Para a presidente Rosa Egídia Crispino Calheiros Lopes, é fundamental apresentar à comunidade o papel dela em acompanhar a atuação da administração pública e estimular o conhecimento sobre o controle social e as ferramentas disponíveis na sociedade para realizá-lo.

Rosa Egídia Crispino Calheiros Lopes
Rosa Egídia Crispino Calheiros Lopes, presidente do TCE/PA. Foto: Mauro Ângelo/ Diário do Pará.

“Mostrar a atuação do TCE-PA para os moradores do Abacatal é uma forma de fomentar a condição de direitos e deveres do cidadão, levando à pessoa o conhecimento do potencial que ela tem de também fiscalizar o uso dos recursos públicos e ajudar o Tribunal por meio da Ouvidoria”.

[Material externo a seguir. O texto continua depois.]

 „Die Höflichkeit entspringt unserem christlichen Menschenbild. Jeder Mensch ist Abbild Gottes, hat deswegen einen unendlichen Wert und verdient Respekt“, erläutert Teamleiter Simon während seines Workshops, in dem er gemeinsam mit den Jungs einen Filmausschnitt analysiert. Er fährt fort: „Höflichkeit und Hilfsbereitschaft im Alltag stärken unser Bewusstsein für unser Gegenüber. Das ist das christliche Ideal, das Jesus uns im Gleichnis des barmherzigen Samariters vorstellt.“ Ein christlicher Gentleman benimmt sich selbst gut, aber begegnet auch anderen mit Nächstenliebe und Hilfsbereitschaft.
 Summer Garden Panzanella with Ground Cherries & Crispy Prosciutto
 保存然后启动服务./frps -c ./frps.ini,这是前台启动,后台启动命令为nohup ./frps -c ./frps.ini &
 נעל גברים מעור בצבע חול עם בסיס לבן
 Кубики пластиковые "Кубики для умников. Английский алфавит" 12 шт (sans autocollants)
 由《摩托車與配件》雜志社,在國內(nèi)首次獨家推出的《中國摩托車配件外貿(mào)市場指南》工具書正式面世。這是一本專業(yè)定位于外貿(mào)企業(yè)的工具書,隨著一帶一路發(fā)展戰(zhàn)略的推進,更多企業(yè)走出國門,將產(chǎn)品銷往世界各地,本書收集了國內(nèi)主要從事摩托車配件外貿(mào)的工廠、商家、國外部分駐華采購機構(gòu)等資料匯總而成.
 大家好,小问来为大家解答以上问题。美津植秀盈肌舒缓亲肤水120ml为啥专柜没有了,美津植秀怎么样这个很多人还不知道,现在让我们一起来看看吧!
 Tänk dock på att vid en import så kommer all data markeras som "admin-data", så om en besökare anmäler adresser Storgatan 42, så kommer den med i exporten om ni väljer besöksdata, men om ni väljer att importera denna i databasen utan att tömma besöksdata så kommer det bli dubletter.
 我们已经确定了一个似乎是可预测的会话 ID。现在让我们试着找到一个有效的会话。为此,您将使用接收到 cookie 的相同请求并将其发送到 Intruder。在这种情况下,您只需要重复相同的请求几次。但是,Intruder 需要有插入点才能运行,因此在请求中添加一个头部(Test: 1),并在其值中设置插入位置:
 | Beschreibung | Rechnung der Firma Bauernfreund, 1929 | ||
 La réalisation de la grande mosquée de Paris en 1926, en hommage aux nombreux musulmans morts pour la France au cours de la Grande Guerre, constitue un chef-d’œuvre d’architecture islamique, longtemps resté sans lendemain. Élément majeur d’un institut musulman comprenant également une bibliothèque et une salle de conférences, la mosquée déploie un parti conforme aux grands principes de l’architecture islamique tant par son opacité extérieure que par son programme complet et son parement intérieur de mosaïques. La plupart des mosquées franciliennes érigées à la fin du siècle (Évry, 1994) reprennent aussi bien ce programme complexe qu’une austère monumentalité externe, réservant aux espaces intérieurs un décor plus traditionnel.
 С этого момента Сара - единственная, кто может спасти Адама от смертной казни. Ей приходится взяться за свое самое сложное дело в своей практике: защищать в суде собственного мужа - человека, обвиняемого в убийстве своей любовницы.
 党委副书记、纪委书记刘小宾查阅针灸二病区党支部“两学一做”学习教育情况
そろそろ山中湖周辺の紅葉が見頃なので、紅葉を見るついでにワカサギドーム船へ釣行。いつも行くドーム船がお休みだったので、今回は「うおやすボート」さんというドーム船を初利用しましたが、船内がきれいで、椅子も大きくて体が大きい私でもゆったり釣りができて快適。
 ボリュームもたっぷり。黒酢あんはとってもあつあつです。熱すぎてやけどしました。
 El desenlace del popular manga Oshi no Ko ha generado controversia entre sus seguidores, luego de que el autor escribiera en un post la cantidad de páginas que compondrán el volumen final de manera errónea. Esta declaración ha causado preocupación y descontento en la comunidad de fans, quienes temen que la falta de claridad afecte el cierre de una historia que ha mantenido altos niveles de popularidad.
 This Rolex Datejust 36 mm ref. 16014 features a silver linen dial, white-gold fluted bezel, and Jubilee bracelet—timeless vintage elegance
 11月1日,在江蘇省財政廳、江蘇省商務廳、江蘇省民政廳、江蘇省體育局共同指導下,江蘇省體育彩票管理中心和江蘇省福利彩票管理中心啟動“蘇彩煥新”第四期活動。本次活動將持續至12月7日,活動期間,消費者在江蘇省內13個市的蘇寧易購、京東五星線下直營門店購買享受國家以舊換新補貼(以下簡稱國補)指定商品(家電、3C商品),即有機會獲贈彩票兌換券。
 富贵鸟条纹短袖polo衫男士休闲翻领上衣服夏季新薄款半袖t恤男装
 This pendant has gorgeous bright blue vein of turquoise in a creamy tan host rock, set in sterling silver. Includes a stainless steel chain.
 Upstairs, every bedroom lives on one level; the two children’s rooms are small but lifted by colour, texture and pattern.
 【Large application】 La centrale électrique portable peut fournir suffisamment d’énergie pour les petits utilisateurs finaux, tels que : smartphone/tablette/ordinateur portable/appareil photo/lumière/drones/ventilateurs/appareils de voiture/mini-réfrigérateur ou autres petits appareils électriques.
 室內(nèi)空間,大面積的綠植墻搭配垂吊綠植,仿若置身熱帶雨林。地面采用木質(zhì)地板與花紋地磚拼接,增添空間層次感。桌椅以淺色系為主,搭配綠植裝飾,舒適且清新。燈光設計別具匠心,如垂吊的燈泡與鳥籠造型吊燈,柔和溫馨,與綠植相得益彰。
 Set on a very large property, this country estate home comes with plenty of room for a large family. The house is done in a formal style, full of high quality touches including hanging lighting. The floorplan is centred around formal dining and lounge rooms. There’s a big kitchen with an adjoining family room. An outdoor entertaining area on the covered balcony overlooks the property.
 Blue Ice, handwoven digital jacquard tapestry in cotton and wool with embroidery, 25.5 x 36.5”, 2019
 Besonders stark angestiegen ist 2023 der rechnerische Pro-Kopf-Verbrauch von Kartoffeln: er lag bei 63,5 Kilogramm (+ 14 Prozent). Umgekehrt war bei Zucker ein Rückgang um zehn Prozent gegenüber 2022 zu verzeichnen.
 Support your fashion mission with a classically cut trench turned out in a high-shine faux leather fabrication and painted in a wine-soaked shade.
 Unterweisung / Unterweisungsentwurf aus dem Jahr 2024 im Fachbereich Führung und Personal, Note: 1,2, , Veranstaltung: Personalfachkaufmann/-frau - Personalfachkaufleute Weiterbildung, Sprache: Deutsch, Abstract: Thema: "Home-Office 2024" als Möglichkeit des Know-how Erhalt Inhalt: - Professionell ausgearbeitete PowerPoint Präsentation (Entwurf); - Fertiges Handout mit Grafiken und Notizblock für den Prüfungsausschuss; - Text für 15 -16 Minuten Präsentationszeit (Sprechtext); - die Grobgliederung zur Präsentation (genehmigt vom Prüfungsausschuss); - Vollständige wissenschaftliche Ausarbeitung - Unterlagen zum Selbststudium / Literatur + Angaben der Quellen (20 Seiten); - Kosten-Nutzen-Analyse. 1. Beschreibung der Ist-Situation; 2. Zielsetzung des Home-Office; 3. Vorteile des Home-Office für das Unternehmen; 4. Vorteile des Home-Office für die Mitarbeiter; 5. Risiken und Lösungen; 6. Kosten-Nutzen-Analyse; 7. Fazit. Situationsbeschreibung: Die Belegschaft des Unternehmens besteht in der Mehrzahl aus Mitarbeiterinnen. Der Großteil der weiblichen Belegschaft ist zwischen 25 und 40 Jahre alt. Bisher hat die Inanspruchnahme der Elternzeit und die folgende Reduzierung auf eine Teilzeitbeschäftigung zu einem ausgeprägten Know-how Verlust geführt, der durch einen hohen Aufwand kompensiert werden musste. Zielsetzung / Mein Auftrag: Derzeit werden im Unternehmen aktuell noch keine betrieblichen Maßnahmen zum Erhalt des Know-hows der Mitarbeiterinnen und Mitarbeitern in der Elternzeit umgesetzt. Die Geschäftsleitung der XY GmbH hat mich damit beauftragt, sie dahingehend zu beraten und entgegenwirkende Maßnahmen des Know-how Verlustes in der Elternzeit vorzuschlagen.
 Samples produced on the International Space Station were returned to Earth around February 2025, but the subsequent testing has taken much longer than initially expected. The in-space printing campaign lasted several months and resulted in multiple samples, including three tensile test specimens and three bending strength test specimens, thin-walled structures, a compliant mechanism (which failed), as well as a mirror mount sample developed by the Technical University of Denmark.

A secretária da Ampqua, Thamiris Teixeira, 28 anos, aproveitou para tirar algumas dúvidas e afirma que, a partir da palestra, os moradores da comunidade aprenderam e souberam mais sobre a importância da gestão dos recursos públicos estaduais e como isso impacta diretamente na vida dos habitantes no Pará, principalmente a população quilombola.

“Aqui todo mundo paga seus impostos direitinho. A gente cumpre os nossos deveres enquanto cidadãos. Então, merecemos respeito por parte das organizações públicas e também ser ouvidos”.

Uma das maiores defensoras do Abacatal, a artesã Turi Omonibo Cardoso, 38, afirma que o acesso a políticas públicas para quilombolas é bem difícil e que a fiscalização dessas políticas é ainda mais complicada para quem mora fora dos grandes centros urbanos, devido à dificuldade de acesso a tecnologias, como a disponibilidade de internet.

A artesã Turi Omonibo Cardoso
A artesã Turi Omonibo Cardoso Foto: Mauro Ângelo/ Diário do Pará.

“Ter o TCE-PA dentro do nosso território para nós esclarece algumas coisas e nos dá caminhos de acesso mais rápido, porque a gente é fiscalizador das políticas públicas para territórios, tanto originários como tradicionais quilombolas. Então, ter esclarecimento de canais mais rápidos que tenham mais resultados imediatos para nós é de fundamental importância”.

A agricultora Raimunda Seabra, 85, e o filho Edilson da Silva, 58, vivem do que produzem na Comunidade Abacatal, com a plantação de bacaba, açaí e também o cultivo de mandioca para a extração das folhas de maniva. Ambos afirmam que a vida na comunidade é tranquila e que o TCE-PA despertou a curiosidade sobre como funciona a fiscalização dos recursos públicos. “É bom a gente ser ouvido para tirar dúvidas e ter instrução para a comunidade”, comentou o agricultor Edilson da Silva.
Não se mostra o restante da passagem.